Н-да, бывает же такое – ломка стереотипов. На совка и зверь бежит. Таджики же все вроде должны быть грязными, неграмотными… Костя вспомнил, как он однажды у понравившейся ему широкоскулой продавщицы попросил пармезана и произнёс, грассируя, с французским прононсом: «пар-р-меза-а», она усмехнулась и назвала этот сыр без всякого прононса, очень мягко: пармеджано, указав на итальянское происхождение этого сорта сыра. Оказалось, продавщица – кандидат филологических наук, бывший преподаватель киргизского университета…
Костя с удовольствием записал продиктованный через речку телефон Касыма. «Нам нужны таджики, тем более такие! Браво, педиатр, настоящий совок и друг совков!»

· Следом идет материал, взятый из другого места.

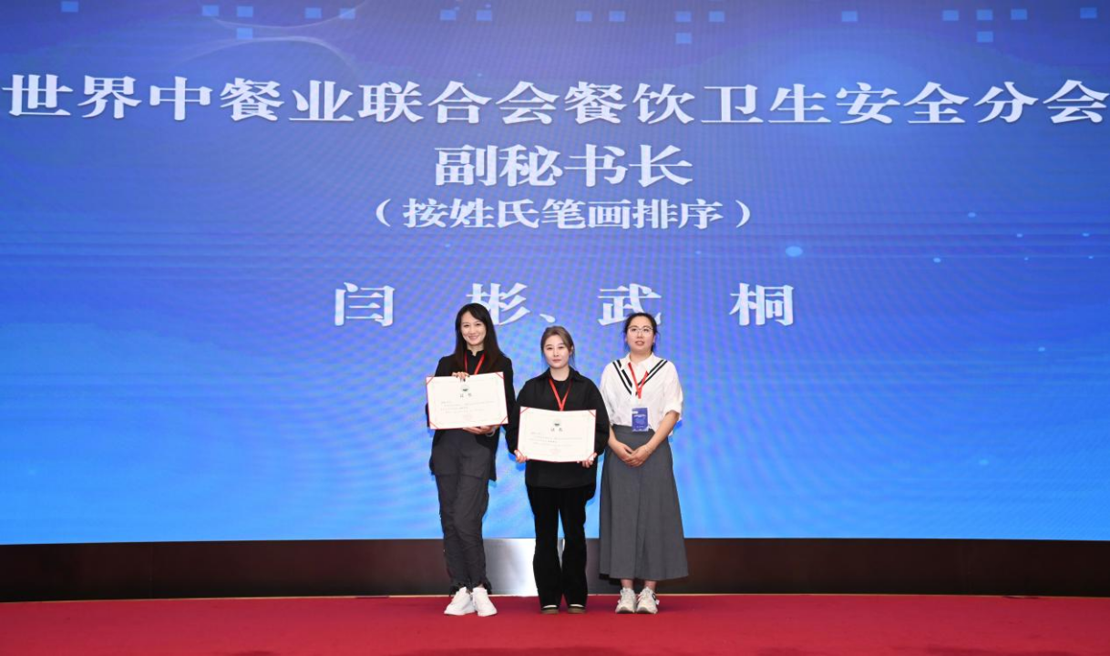 邢颖会长、吕先铭主席为世界中餐业联合会餐饮卫生安全分会专家颁发聘任证书

А педиатр продолжал нашёптывать, глядя вслед удаляющемуся таджикскому коммунисту:
– Вот древнейший народ, великой культуры, более древней, чем наша, могли бы спиваться, как мы, но не спиваются. Хотят выжить: нет работы для историка – кем угодно пойдёт и работать будет. Он у них, Касым этот, что-то вроде бая теперь, под ним – лучшие таджики Потылихи, но он справедливый бай. Настоящий коммунист. А наши баи что вытворяют? С дехканами своими? Стадо баранов без пастуха обречено, овцы волков за овчарок принимают, самые смелые дичают, разбегаются… А тогда, после революции, появились волкодавы и такого страху напустили, что люди о Боге вспомнили. В норму вернулись, уверовали, молились на них и боялись. И строили и жили, как праведники, недоедали, вкалывали. Спасались, прости Господи… И никого не было ближе к Христу, чем простые советские люди, строители коммунизма…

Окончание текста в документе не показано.